Hanes was hunting from a 12-foot-tall box stand in woods adjacent to a hayfield where he and his father mowed summer hay to feed cows. And he had some competition on a nearby property.
“A friend also was hunting him. He’d showed me some trail-cam pictures,” Hanes said. “The buck usually came (into the field) from 2 to 4 a.m. My friend sent me only three pictures, but he’d been watching the deer for three years. He guessed it was probably 5-years-old.”
He saw the deer before legal shooting light
Because of Veterans Day, the young hunter had the day off from work and school. So he arose early enough to reach his stand before daylight.
“The stand is on some of my land, so I drove my truck, parked, and only had a 100-yard walk,” he said.
When the sun melted away the fog that morning, Hanes spied a lone deer.
“He was the first deer I saw that morning,” he said. “It didn’t get light until 6 a.m. I could see him, but I couldn’t tell if it was a buck or a doe.”
With legal shooting time not until 6:30 a.m., Hanes had to sit for excruciatingly long minutes while waiting for the sun to burn off the mist.
“He finally turned, and I could see part of one antler,” he said. “Then a sun’s ray hit his brow tine, and I could see with my scope it was split. He had a big body.”
Hanes had loaded his Accura .50-calliber inline muzzleloader with 100 grains of Pyrodex. He seated a QT 250-grain sabot bullet down the muzzle.
Hanes had to get help dragging the big deer
“It’s an old gun, the same one I used in Hunter Safety competitions. So I felt comfortable with it,” he said.

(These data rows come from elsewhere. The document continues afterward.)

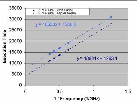 深蓝色的数据点和线性图符合了激活的2MB L3高速缓存存储器的结构。淡蓝色的数据点和线性图则反映了不起作用的L3高速缓存存储器的结构情况,非常有效的把高速缓存存储器的体积精简到了512KB。这两个线性图都是平行线。斜面值是一样的,几乎没什么差别。更有趣的是我们能看到,当高速缓存存储器的体积从512KB变成2MB时,测试值的变化。内存访问和Tmemory完成的时间总计减少了1.75x。这个结论等同于增大了总线(bus)和内存频率1.75x。对于复合工作负载来说,高速缓存存储器的体积非常重要。 #p#page_title#e#
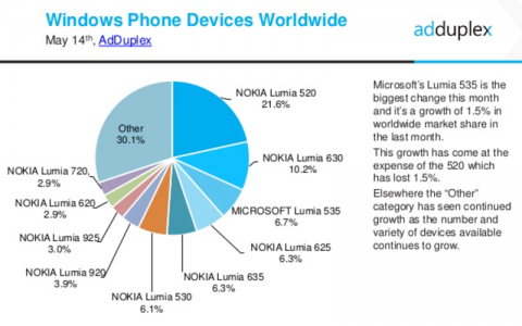 Кроме того, в отчёте говорится и о том, что наиболее популярным среди пользователей смартфоном на этой мобильной платформе остаётся Lumia 520, несмотря на то что количество пользователей этой модели уменьшилось за месяц на 1,5%. При этом Lumia 535 стала на 1,5% популярнее.
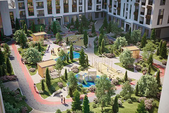 Территория NRG JOMIY следует концепции «зеленый двор без машин», где предусмотрены игровые детские площадки, воркаут-зона, беседки и авторский ландшафтный дизайн. Дизайнерские холлы при входе в подъезды будут радовать не только жильцов но и их гостей. Для мам с младенцами в холлах будут колясочные места для хранения детских колясок. В каждом сквозном подъезде имеется по 2 лифта — пассажирский и грузовой, которые будут курсировать от подземной парковки до последнего этажа. Лифты можно будет вызвать специальной сенсорной кнопкой, которая будет срабатывать также и при касании ногой. У автовладельцев будет возможность хранить авто на подземной парковке, со специально отведенными местами для мотоциклов и велосипедов, с доступом в те же лифты. А на территории комплекса будут предусмотрены зарядки для электрокаров. Кладовые помещения в нижних этажах позволят хранить вещи, которые используются редко и не будут загромождать квартирное пространство. Теперь любимый сноуборд, санки, детская коляска или сезонная одежда и обувь будут в тепле и сохранности. В комплексе предусмотрена комната просвещения, предназначенная для уединения с собой, своими мыслями и мечтами. Утренняя и вечерняя молитва вместе с соседями — это безграничное счастье для тех, кто соблюдает религиозные обряды.
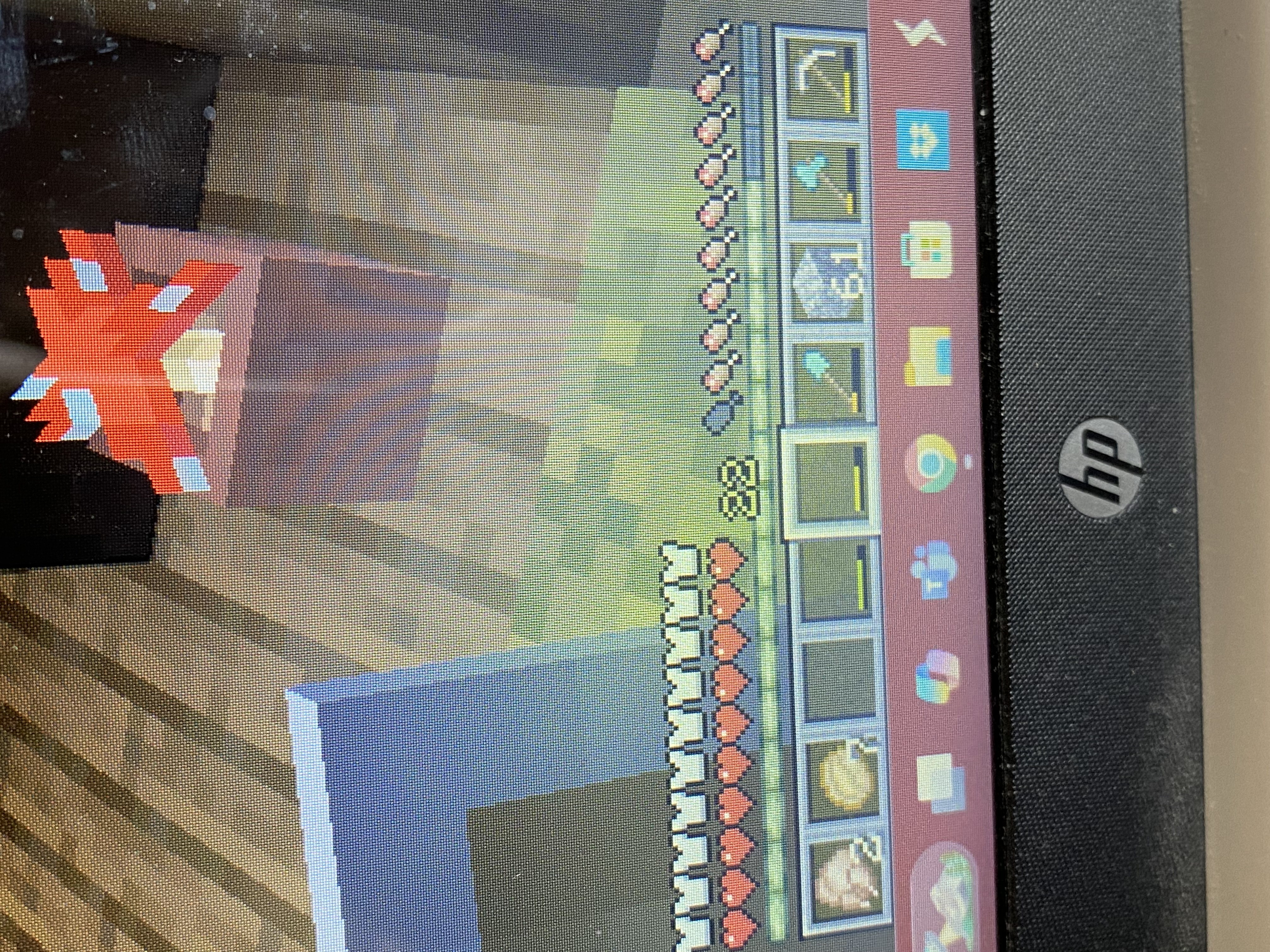 Icons greyed out/item icons disappearing from inventory bar, inventory bar completly disappearing, pixels glitching, game freezing, in-hand item disappearing

Once it was light enough, Hanes stared through the Vortex 4-12×44 Crossfire scope at the buck.
“I didn’t know how long he’d stay in the field. So I put the crosshairs behind his shoulder at 100 yards and squeezed the trigger,” he said.
The buck mule-kicked, then extended its head while running 25 yards to the woods.
“It was pretty dry, so I could her him fall,” the young hunter said.
Hanes didn’t wait long until climbing down from his stand.
“It was a big field that drops off to a creek,” he said. “I could track where he’d stumbled in the leaves. He didn’t bleed at all.”
Hanes called his dad and friend Jordan Dinkins. They helped drag the buck to the field.
“I needed their help,” Hanes said. “He weighed 235 pounds.”